Jandira Feghali, deputada federal, pelo
PCdoB-RJ, lamentou a partida da professora, a quem classificou como uma
“referência no pensamento crítico brasileiro”.
“Militante do PCB, Maria Lúcia foi presa política durante a ditadura militar, enfrentando a repressão com coragem e determinação. Sua trajetória acadêmica e política é um exemplo de luta pela democracia, justiça social e educação pública. Sua ausência será sentida, mas seu legado seguirá vivo em nossa memória e nas futuras gerações”, afirmou numa rede social.

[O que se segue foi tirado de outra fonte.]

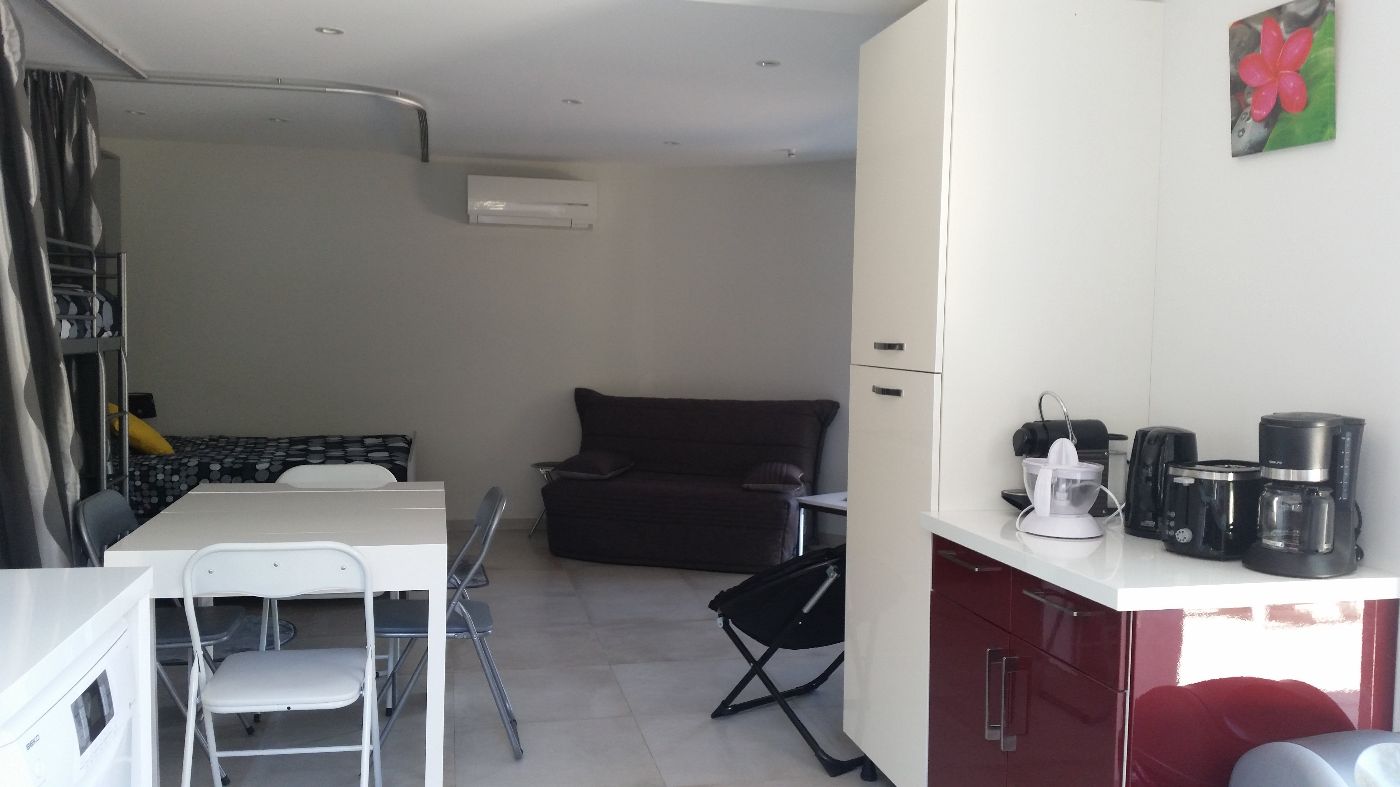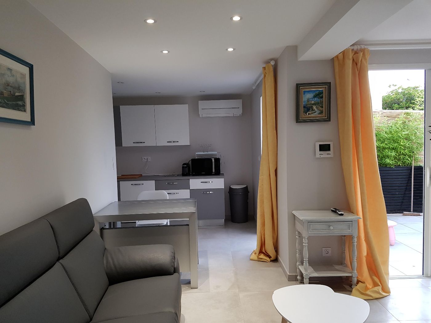 Studio rénové, de 39 et 55 m², au rez-de-chaussée d'une résidence calme, située à 60 m de la mer via un accès privé.

A ministra de Gestão e Orçamento, Esther
Dweck, também prestou homenagem à professora de quem foi colega na UFRJ, onde
Maria Lúcia lecionou Ciência Política no Instituto de Economia da UFRJ de desde
1986:
“ Recebi com muita tristeza a notícia do
falecimento da querida professora Maria Lucia Werneck. Ela sempre foi uma voz
firme em defesa da democracia e de um Estado inclusivo. Seus estudos sobre
políticas me inspiram todos os dias na condução do ministério”.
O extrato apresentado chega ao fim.